Mr. FALLOWS: It really is true. And I think the reaction to these elections is a kind of threshold for the U.S. because there's a lot of commentary, as the elections are going on in Iraq, about the problems there and what the consequences are going to be for legitimacy and all the rest. But the main tone is that this is no longer fundamentally our problem, "our" being the United States.

So there's the kind of transition and passing of the baton whereas in Afghanistan, these same questions of having local legitimacy, national legitimacy and all the rest are still very much the problems of the United States and its allies.

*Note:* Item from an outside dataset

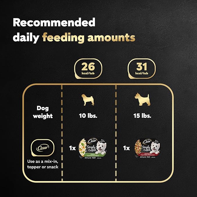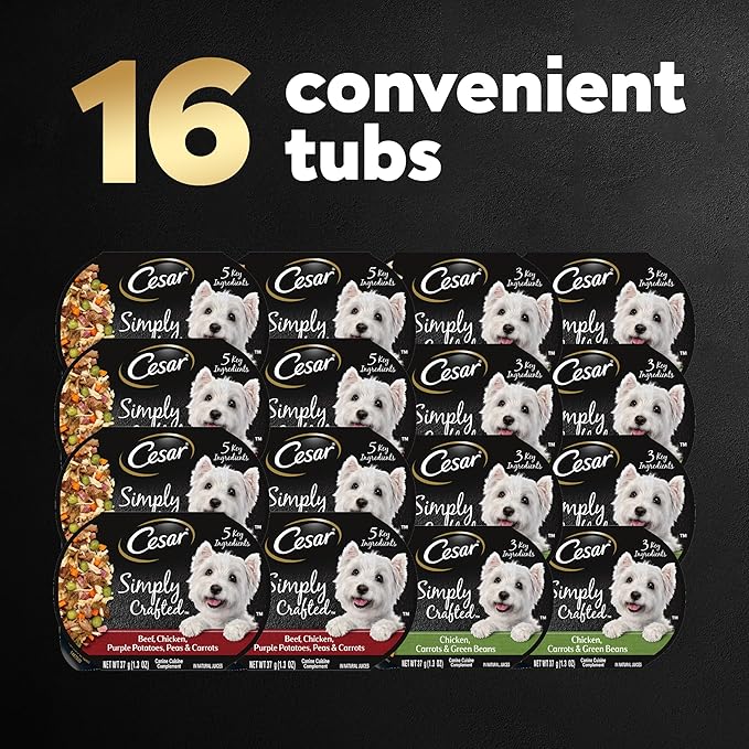 • 16-Pack: Contains eight (8) 1.3 oz of CESAR Simply Crafted Chicken, Carrots & Green Beans, and eight (8) 1.3 oz of CESAR Simply Crafted Beef, Chicken, Purple Potatoes, Peas & Carrots Variety Pack Adult Wet Dog Food Meal Topper, 1.3 oz., Pack of 16

RAZ: Moving on to health care, Jim, if Democrats want it passed, they may have to use a parliamentary procedure called reconciliation, which means they'd only need a majority of votes. But it's not that simple.

Mr. FALLOWS: It isn't. And like almost anything involving the modern legislative process, it has all sorts of recondite complexities. I think the two things the Democrats will have to do, probably starting this next week and over the next month or so: Number one, resolve their own internal debate about what kind of abortion language will be in the final bill, because that's the main division on their side.

The other is having a frontal engagement with the Republicans on the process question of whether passing this bill by reconciliation is some kind of abuse of power or not.

In the simplest terms, this is a way to get something through the Senate with 51 votes rather than 60. And it's been used many times, more often by Republicans than Democrats, over the last 30 years. But the Democrats will have to say this is a bill for which we've already gotten 60 votes once in the Senate. This is an established process. We're going to move ahead with this plan.

RAZ: Finally, Jim, there's a new political memoir that's about to hit the stores this week. It's Karl Rove's book on his time with George W. Bush. The early reviews I've read seem to suggest that this is not a tell-all by any stretch.

Mr. FALLOWS: No, it's not going to be in the mode of people who say, you know, here's all the backstage details. What I love about these White House memoirs is usually, they fall into one of three categories. One is the memoir who says, here's why everything was so great. A second category is what you could think of as the if only they'd listened to me memoir - that is, explaining failures by saying, you know, I had the right view all along.

And finally, there is the fighting memoir, saying we were right, we're still right, and here is the case why. And that certainly is the genre that Karl Rove's book seems to be in.

Interestingly, his surface case about the Bush administration policies, whether it's going into Iraq or Scooter Libby and Joe Wilson or whatever, that may be less significant than his political argument - a kind of defense of Rovian politics, of divisiveness and polarization that seemed to be in eclipse a year ago, after President Obama was elected, but it now is sort of coming back as the main battle plan for the Republicans.

RAZ: And somehow, Karl Rove seems to tap into the zeitgeist more often than not.

Mr. FALLOWS: It's true. In the year of writing this book, he's come back into fashion.

RAZ: That's our news analyst, national correspondent for The Atlantic, James Fallows. Jim, thanks so much.

Mr. FALLOWS: My pleasure, Guy.

RAZ: And Jim, one more thing. In honor of Oscar night, I have a film question for you.

(Soundbite of laughter)


RAZ: Can you remember what film Oscar-winning actress Emma Thompson made in 1994?

Mr. FALLOWS: There was some film in which she played a nurse. You stumped me on this one.

RAZ: It was a film called "Junior." And her leading man was Arnold Schwarzenegger.